Para exacerbar uma situação já muito difícil, o preço do petróleo despencou nos últimos seis meses para a faixa dos US$ 30 por barril. Diante deste quadro, a abordagem para reequilibrar as finanças da empresa que tem sido divulgada é uma combinação de redução dos investimentos, redução das despesas administrativas, venda de ativos e movimentos de correção na governança corporativa.

Todas as medidas citadas são corretas e necessárias, mas dado o estágio que o ”paciente” atingiu elas correm o risco de ser insuficientes. A empresa precisa receber uma injeção de capital já, além de manter as medidas mencionadas. O montante da capitalização? No mínimo cem bilhões de reais. Atenção: a capitalização deve ser em dinheiro (nada de barris de petróleo ou qualquer outro tipo de ativo). Claro que existem argumentos a favor e contra essa medida.

Os argumentos a favor são óbvios: tira a empresa de uma situação absolutamente sufocante; reduz a percepção de risco da empresa (o CDS de dez anos da Petrobrás é negociado a quase 1.100 pontosbase); deve reduzir também a percepção de risco país, dado que o Tesouro Nacional tem (direta ou indiretamente) 60% do capital votante da empresa; permite que a empresa não pressione os seus fornecedores além do limite do razoável e assim o “cluster” de petróleo e gás também ganharia fôlego; e reduz a percepção de risco dos bancos públicos e dos bancos privados com exposição de crédito à empresa.

Os argumentos contra são óbvios também, mas carecem de consequências positivas (em minha opinião, é claro). O primeiro deles é que a capitalização aumentaria a dívida bruta do governo. Algebricamente o argumento está correto, ocorre que essa é a dívida parafiscal mais transparente que existe; sendo assim, todo analista já deveria considerar nos seus cálculos de evolução da dívida bruta do governo esse número. Em outras palavras, ainda que não exista um “registro contábil”, seus efeitos já devem estar nos preços do risco Brasil com certeza.

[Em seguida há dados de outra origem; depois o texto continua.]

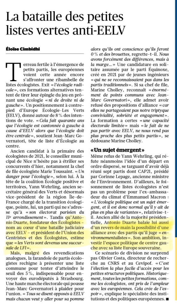 Catégories Actualités Le Figaro / La bataille des petites listes vertes anti-EELV Post author Par iaction Post date 27/03/2024 Aucun commentaire sur Le Figaro / La bataille des petites listes vertes anti-EELV Le Figaro par Eloîse Cimbidhi 20 mars 2024 Partager : Cliquer pour partager sur X(ouvre dans une nouvelle fenêtre) X Cliquez pour partager sur Facebook(ouvre dans une nouvelle fenêtre) Facebook J’aime chargement… Articles similaires ← Le Parisien / Les Ecologistes souhaitent proposer à Manuel Valls la tête de liste pour les Européennes 2024 → Le boycott du débat sur Cnews par Toussaint et Gluksmann est une imposture morale et fera monter l’extrême droite ! Laisser un commentaire Annuler la réponse. Δ
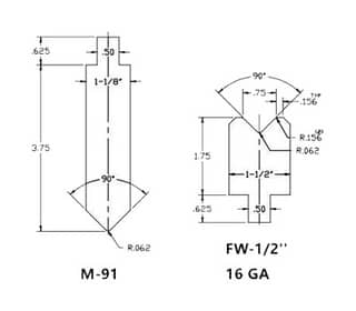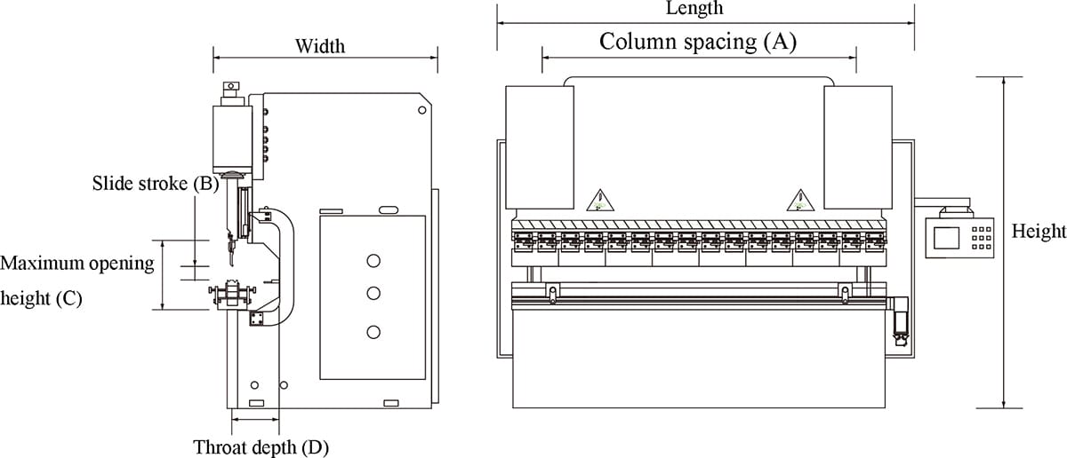 | Model | Nominal pressure (kN) | Worktable length (mm) | Column spacing (mm) (A) | Slide stroke (mm) (B) | Max. opening height (mm) (C) | Throat depth (mm) (D) | Worktable height (mm) | Rapid decent speed (mm/s) | Decent speed (slow speed mode) (mm/s) | Return speed (mm/s) | Main motor power (kW) | Oil tank capacity (L) | Backgauge X-axis stroke (mm) | Weight (T) |
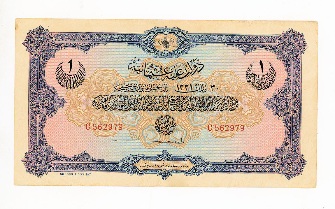 OSMANLI OTTOMAN EMP. 1 Lira 6.8. 1332 yılı 1 Lira H harfi *Talat-Janko imzalı – EF *ççt
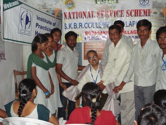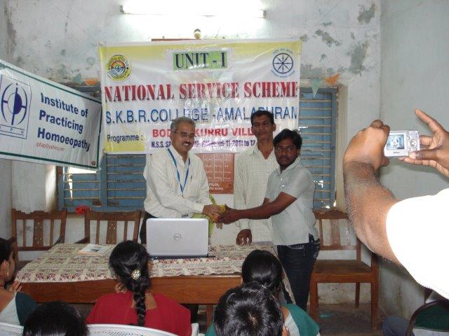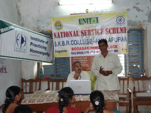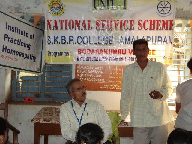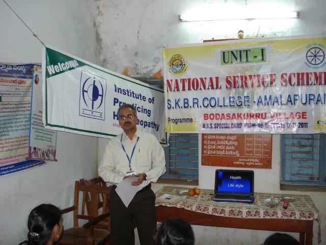 The National Service Scheme (NSS) unit of SKBR College, Amalapuram and Institute of Pacticing Homoeopathy (IPH) jointly organised an awareness programme to the volunteers and Public at Panchayat Office, Bodasakurru village of East Godavari District of Andhra Pradesh. Mr. K. V. V. SATYANARAYANA, Programme officer NSS Unit – I inaugurated the programme. Dr. B. S. MOHAN, Director, IPH, was the chief guest and speaker of the day, explained the things behind health, maintaining the health, requirement of healthy place and Life style. Along with the lifestyle he stressed the need and importance of Hereditary, Environment, Profession, Income, Family relation, Health & Family Planning, Socio economic status and activities of Local Governments in maintaining One’s Health status. He introduced Homoeopathy to the gathering with its Origin, Principles, Specialities, Advantages, importance in present day’s health care.
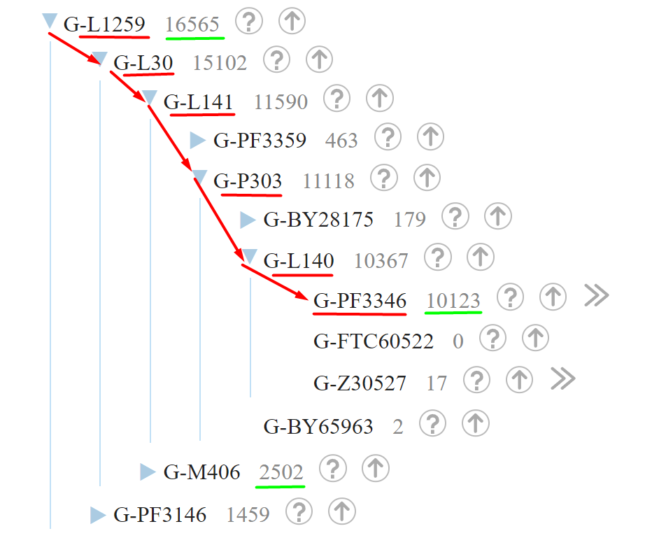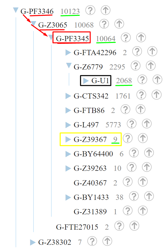 Adam > A0-T > A1 > A1b > BT > CT > CF > F > GHIJK > G > P287 > Y238 > P15 > L1259 > L30 > CTS574 > CTS2488 > P303 > CTS796 > L140 > PF3346 > PF3345 > Z39367
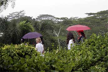 About a 80 or so 6th grade children from the Kappa Middle School came here today on their "Hindu Temple field trip". Despite the rain they were in joyful spirits and were fascinated with the stone carving out at Iraivan Temple. Each left with a small piece of granite stone.
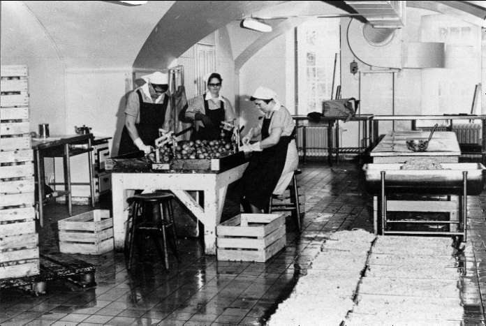 Fästningen. Anställda vid vakuumtorken, här pågår äppelurkärning år 1969.
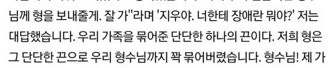 박지우 씨는 "저는 살면서 이런 믿음직한 소리를 들어본 적이 없습니다. 여러분들은 들어보셨나요? 이 얘기를 듣고 저는 비로소 형을 제 마음에서 놔줘도 되겠다고 생각했습니다. 이제 우리 믿음직한 형수님께 형을 보내줄게. 잘 가"라며 '지우야. 너한테 장애란 뭐야?' 저는 대답했습니다. 우리 가족을 묶어준 단단한 하나의 끈이다. 저희 형은 그 단단한 끈으로 우리 형수님까지 꽉 묶어버렸습니다. 형수님! 제 가족이 되어주셔서 정말 감사합니다. 그리고 형! 진심으로 결혼 축하하고 고마워. 그리고 사랑해"라고 이야기했다.
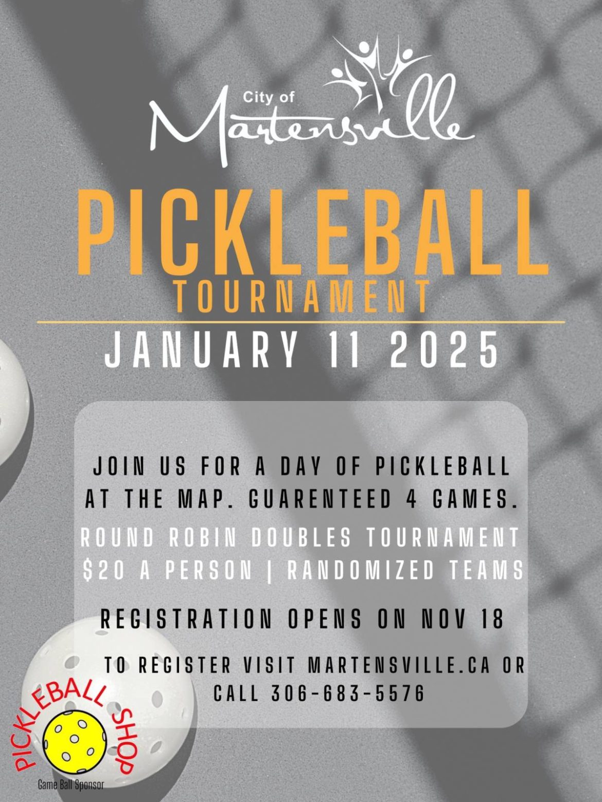 The Martensville Pickleball Tournament will be taking place on January 11th at the Martensville Athletic Pavilion.
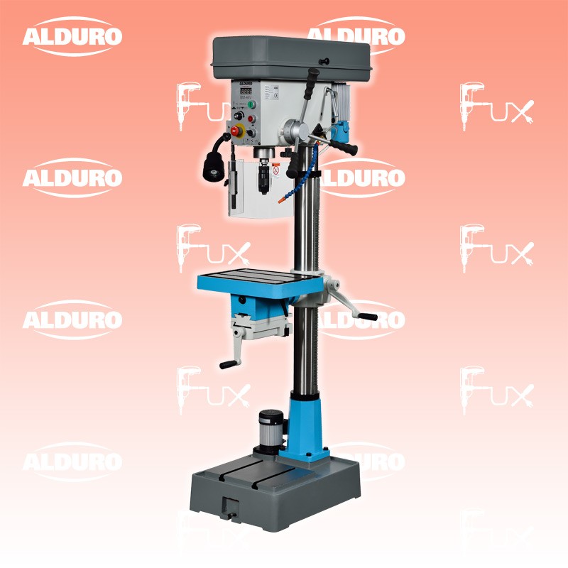 Zu "Säulenbohrmaschinen" von Alduro Alduro BM-46V Säulenbohrmaschine 400V Bestell- und Artikelnummer: 659286 Stufenlose elektronische Drehzahlregulierung 1-touriger Motor 2 stufenlose Drehzahlbereiche mit Keilriemenumstellung Mit Schnellspannbohrfutter 16mm, Splitterschutz, Not-/ Ausschalter Drehbarer Bohrtisch mit Parallelnuten und integriertem Spannstock über Zahnstange verstellbar Integriertes Kühlmittelsystem schmiert und kühlt die Bearbeitungswerkzeug für eine lange Lebensdauer Sicherheitssystem gegen automatischen Start der Maschine Elektrisch gesicherter Riemendeckel und Splitterschutz Technische Daten Motorspannung 400 Volt Motorleistung 1.5 kW Motor Kühlwasserpumpe 0.10 kW Bohrspindel MK/CM3 Bohrleistung Stahl Ø 30 mm Bohrhub 125 mm Drehzahl stufenlos 100 - 680 / 400 - 2'500 min-¹ Tischbelastung 60 kg T-Nutenbreite 14 mm Spannstockbreite 120 mm Spannstocköffnung 75 mm Gewicht 198 kg Standard-Ausrüstung Schnellspannbohrfutter 1-16mm, B18 Kegeldorn MK3 / B18 Schraubstock LED Arbeitsleuchte Listenpreis CHF 4'490.00 Fuxpreis CHF 3'951.00 inklusive 8.1% MwSt Frankolieferung Kein Grauimport! Produkt bestellen 1 Stück 2 Stück 3 Stück 4 Stück 5 Stück 6 Stück 7 Stück 8 Stück 9 Stück 10 Stück Alle Angaben ohne Gewähr und solange Vorrat reicht!Lehrlingsrabatt? Produkt als PDF AKTION 12%
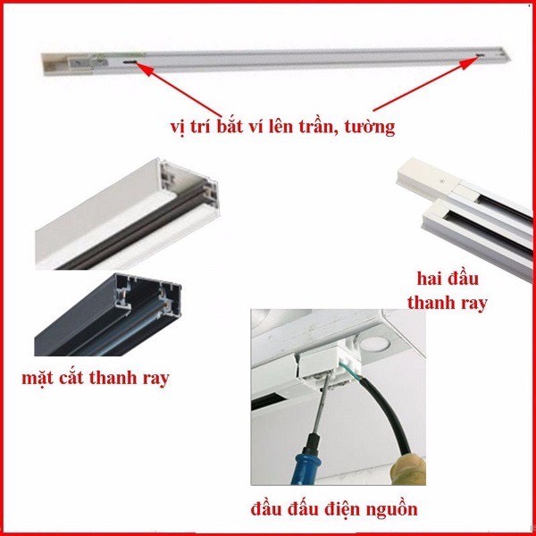 - Đèn sử dụng thanh ray, chiều dài thanh ray 1m, và 1m5 tùy theo nhu cầu sử dụng của shop
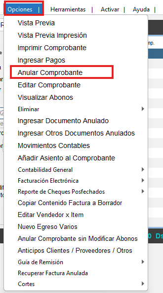 NOTA: El comprobante que se va a anular no debe registrar pagos
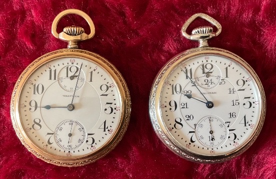Hi, Most of my Waltham Vanguard winding indicator collection are mid-to-late 1920’s vintage and are in the original/correct Waltham-marked cases. These two are earlier, pre-Lossier, both ca1913. I’m wondering when these J.Boss case styles were introduced, and if they could be original to the watches or not? I’ve not been able to find any advertisements to indicate when these came on the stage… I have an identical case to the YGF one on the left which has an original 1918 movement. So probably close considering high-priced movements often sat around for a while before being cased at jewelers... Thanks! Barry PS: I can’t find anyway to add a 2nd photo, showing the inside back covers, but the YGF case is simply “J.Boss”, while the WGF case also adds “25 years”. I have an almost identical case to the YGF, which adds underneath the J.Boss stamp “10k Goldfilled”. ![]() | ||
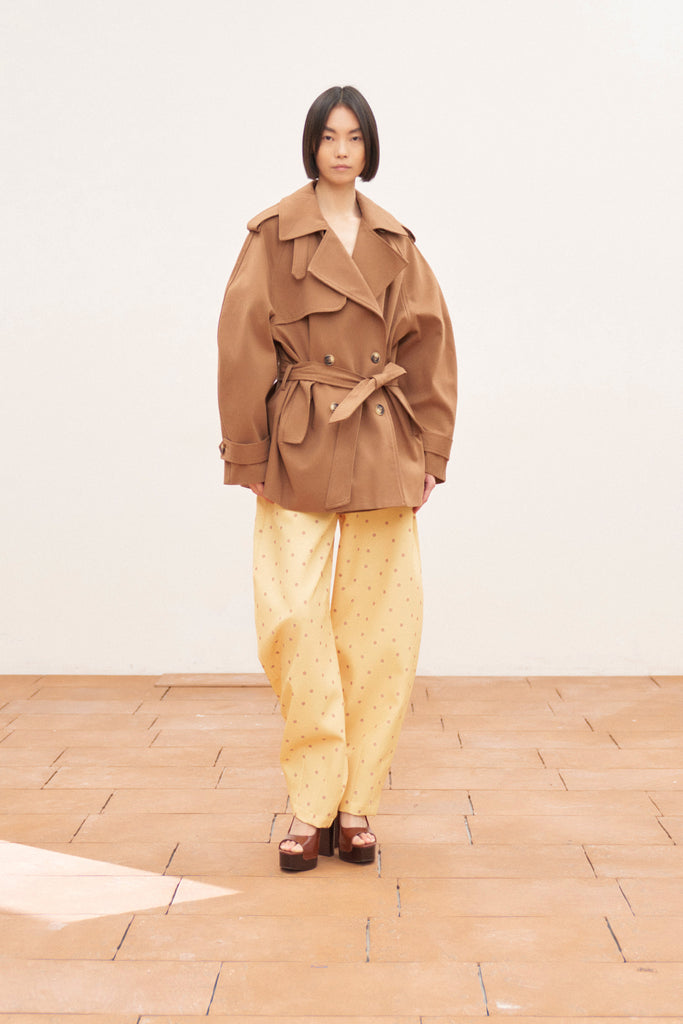Balloon-style trousers. Polka dot pattern . Front pockets and belt loops. Front zip and hook closure. Regular fit.
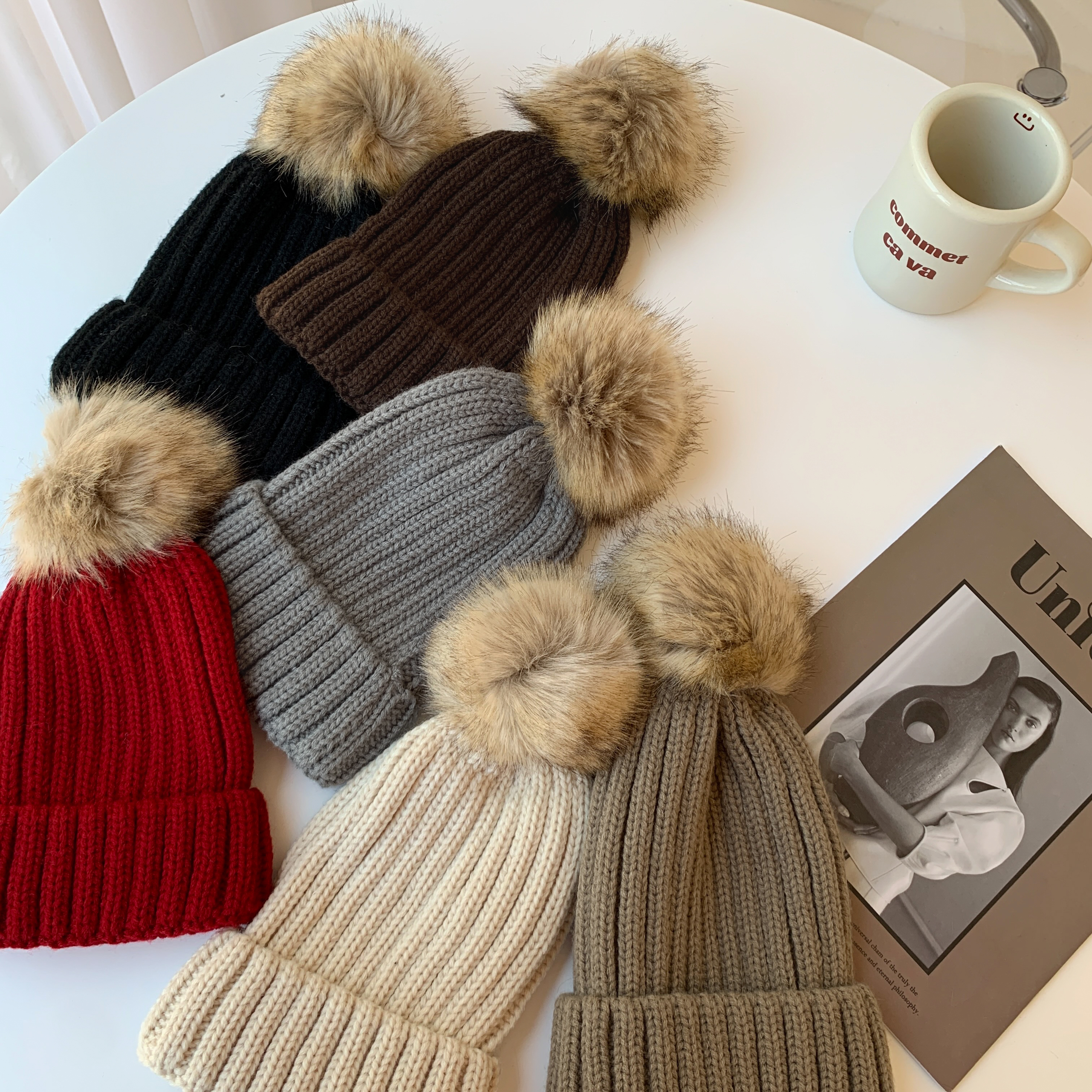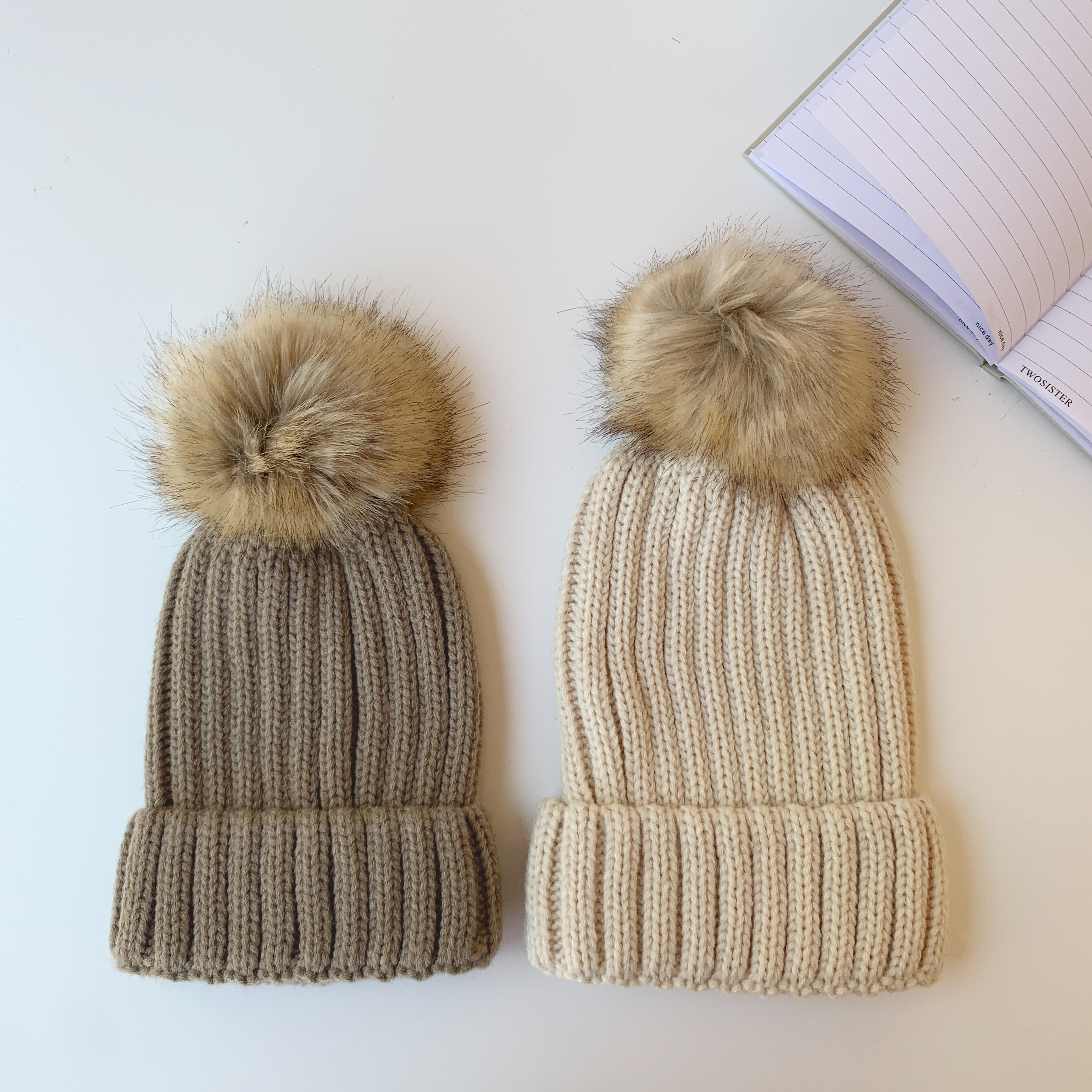 G8180 現貨「 仿狐狸毛球親子毛線帽」

Pensando por absurdo: se a empresa for levada ao limite extremo de reestruturação de sua dívida, certamente haverá algum investidor que fará a seguinte ilação: se o Tesouro Nacional permite que sua maior empresa faça isso então um dia ele mesmo poderá fazê-lo. Ilação injusta talvez, mas inevitável e aí o risco Brasil certamente subirá.

O segundo argumento é a diluição dos minoritários dado o tamanho da capitalização. Incontestável em termos qualitativos, mas em termos de materialidade acho que devemos lembrar que o valor de marcado da empresa já atingiu R$ 400 bilhões (janeiro/2011) e hoje gira em torno de R$ 82 bilhões, ou seja, a maior perda já ocorreu. Isto sem considerar que, se o “tratamento” atual vier a falhar, o ”procedimento invasivo” será feito quando a empresa apresentar um valor de mercado ainda menor.

Se errado estava eu em 2013, me resta somente torcer para que esteja errado novamente agora.